Dataset extract:

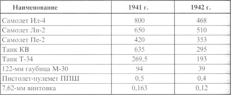 Таблица 21 Стоимость некоторых видов вооружения и боевой техники в 1941-1942 гг. (в тыс. рублей за единицу)
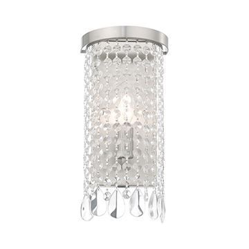 The Brushed Nickel finish decorates the beautiful design of the ELivex Lighting Elizabeth Wall Sconce with a refined quality. Clear crystal frills offer detailed elegance to the design of this wall sconce. Attract attention with the bold personality provided by this lovely fixture.
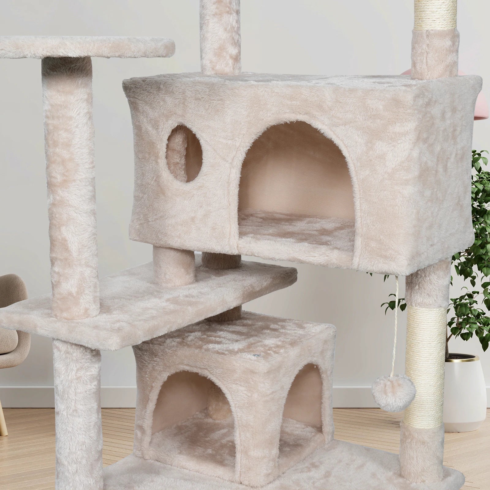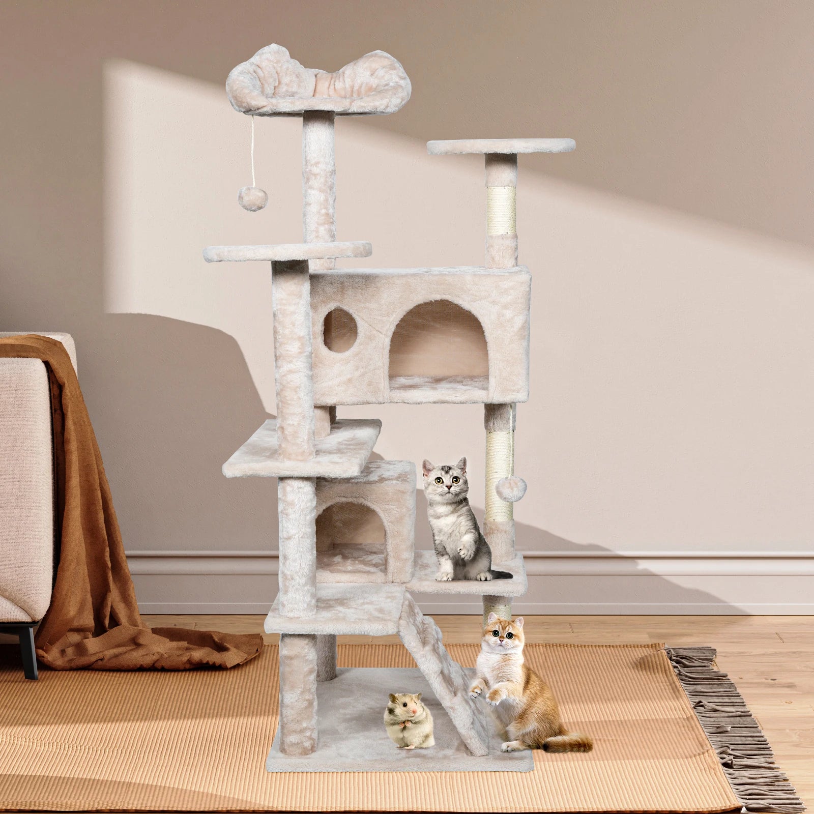 This cat climbing frame is a place where your pet cat can play to its heart's content, providing hours of fun while keeping your cat energized and healthy. It comes with 1 cat bed, 2 hanging balls, 2 cat holes, 2 platforms and 1 staircase for multiple cats to play and relax. The sisal posts that naturally cover the cat climbing frame allow your cat to sharpen its claws so it doesn't damage your furniture. Cats are very curious creatures and love to observe things, it can be an ideal place for cats to sleep, explore and have fun.
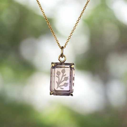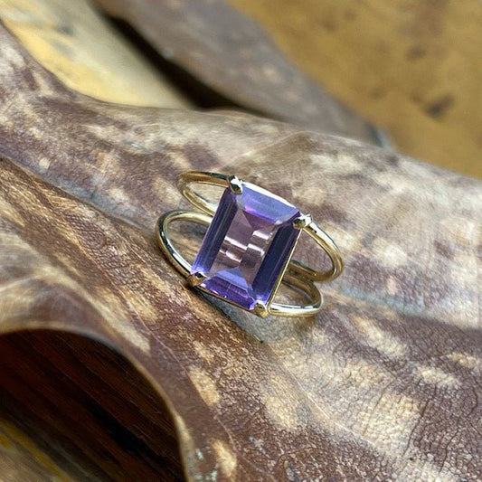 Rectangular Rose Cut Amethyst Ring - Sterling Silver
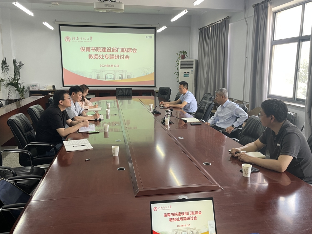 为贯彻落实“俊甫书院建设工作推进会暨运行模式优化升级启动会”的会议精神,快速推进拔尖创新人才培养方案制定、通识课程建设、相关配套政策制定等工作,5月13日上午俊甫书院党总支书记兼常务副院长宋京双带领班子成员到教务处开展专题调研。教务处处长梁存良及班子成员参加调研会。
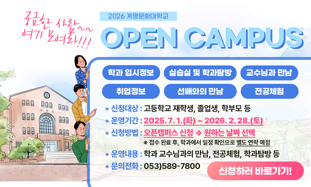 <박람회 정보> ◎ 박람회 명 : 2026학년도 대구·경북 전문대학 수시모집 입학정보 박람회 ◎ 참가대학 : 계명문화대학교 포함 대구·경북지역 19개 전문대학교 - 참가 대학명 가나다 순 : 가톨릭상지대학교, 경북과학대학교, 경북보건대학교, 경북전문대학교, 계명문화대학교, 구미대학교, 대경대학교, 대구공업대학교, 대구과학대학교, 대구보건대학교, 문경대학교, 선린대학교, 수성대학교, 안동과학대학교, 영남외국어대학교, 영남이공대학교, 영진전문대학교, 포항대학교, 호산대학교 ◎ 박람회 내용 1) 전공 및 진로 상담 2) 대학 소개 3) 수시모집 원서접수 ※ 특전 : 해당 박람회에서 ‘계명문화대학교’ 수시모집 1차 원서접수자 전형료 및 원서접수료 감면 ◎ 장소 : 대구상원고등학교 체육관(상원관) (대구 달서구 월배로 241) / 대구지하철 1호선 상인역 7번출구 도보 5분 거리 ◎ 일정 1) 2025.09.12.(금)(1일차) - 14:00 ~ 20:00 2) 2025.09.13.(토)(2일차) - 10:00 ~ 17:00 ◎ 박람회 안내 및 참가자 사전 등록 페이지 : https://2026ipsigo.kr ※ 해당 페이지에서 ‘대구·경북권 박람회 사전신청 바로가기’ 메뉴에서 신청 ◎ 주최·주관 : 한국전문대학교육협의회, 한국전문대학교무입학처장협의회, 한국전문대학입학관리자협의회 ◎ 후원 : 교육부 ◎ 문의 : 계명문화대학교 입학팀(053-589-7800)

Assignment: Your task is an exact transcription of all the data, minus the pictures.

Answer box:
 Таблица 21 Стоимость некоторых видов вооружения и боевой техники в 1941-1942 гг. (в тыс. рублей за единицу)
 The Brushed Nickel finish decorates the beautiful design of the ELivex Lighting Elizabeth Wall Sconce with a refined quality. Clear crystal frills offer detailed elegance to the design of this wall sconce. Attract attention with the bold personality provided by this lovely fixture.
 This cat climbing frame is a place where your pet cat can play to its heart's content, providing hours of fun while keeping your cat energized and healthy. It comes with 1 cat bed, 2 hanging balls, 2 cat holes, 2 platforms and 1 staircase for multiple cats to play and relax. The sisal posts that naturally cover the cat climbing frame allow your cat to sharpen its claws so it doesn't damage your furniture. Cats are very curious creatures and love to observe things, it can be an ideal place for cats to sleep, explore and have fun.
 Rectangular Rose Cut Amethyst Ring - Sterling Silver
 为贯彻落实“俊甫书院建设工作推进会暨运行模式优化升级启动会”的会议精神,快速推进拔尖创新人才培养方案制定、通识课程建设、相关配套政策制定等工作,5月13日上午俊甫书院党总支书记兼常务副院长宋京双带领班子成员到教务处开展专题调研。教务处处长梁存良及班子成员参加调研会。
 <박람회 정보> ◎ 박람회 명 : 2026학년도 대구·경북 전문대학 수시모집 입학정보 박람회 ◎ 참가대학 : 계명문화대학교 포함 대구·경북지역 19개 전문대학교 - 참가 대학명 가나다 순 : 가톨릭상지대학교, 경북과학대학교, 경북보건대학교, 경북전문대학교, 계명문화대학교, 구미대학교, 대경대학교, 대구공업대학교, 대구과학대학교, 대구보건대학교, 문경대학교, 선린대학교, 수성대학교, 안동과학대학교, 영남외국어대학교, 영남이공대학교, 영진전문대학교, 포항대학교, 호산대학교 ◎ 박람회 내용 1) 전공 및 진로 상담 2) 대학 소개 3) 수시모집 원서접수 ※ 특전 : 해당 박람회에서 ‘계명문화대학교’ 수시모집 1차 원서접수자 전형료 및 원서접수료 감면 ◎ 장소 : 대구상원고등학교 체육관(상원관) (대구 달서구 월배로 241) / 대구지하철 1호선 상인역 7번출구 도보 5분 거리 ◎ 일정 1) 2025.09.12.(금)(1일차) - 14:00 ~ 20:00 2) 2025.09.13.(토)(2일차) - 10:00 ~ 17:00 ◎ 박람회 안내 및 참가자 사전 등록 페이지 : https://2026ipsigo.kr ※ 해당 페이지에서 ‘대구·경북권 박람회 사전신청 바로가기’ 메뉴에서 신청 ◎ 주최·주관 : 한국전문대학교육협의회, 한국전문대학교무입학처장협의회, 한국전문대학입학관리자협의회 ◎ 후원 : 교육부 ◎ 문의 : 계명문화대학교 입학팀(053-589-7800)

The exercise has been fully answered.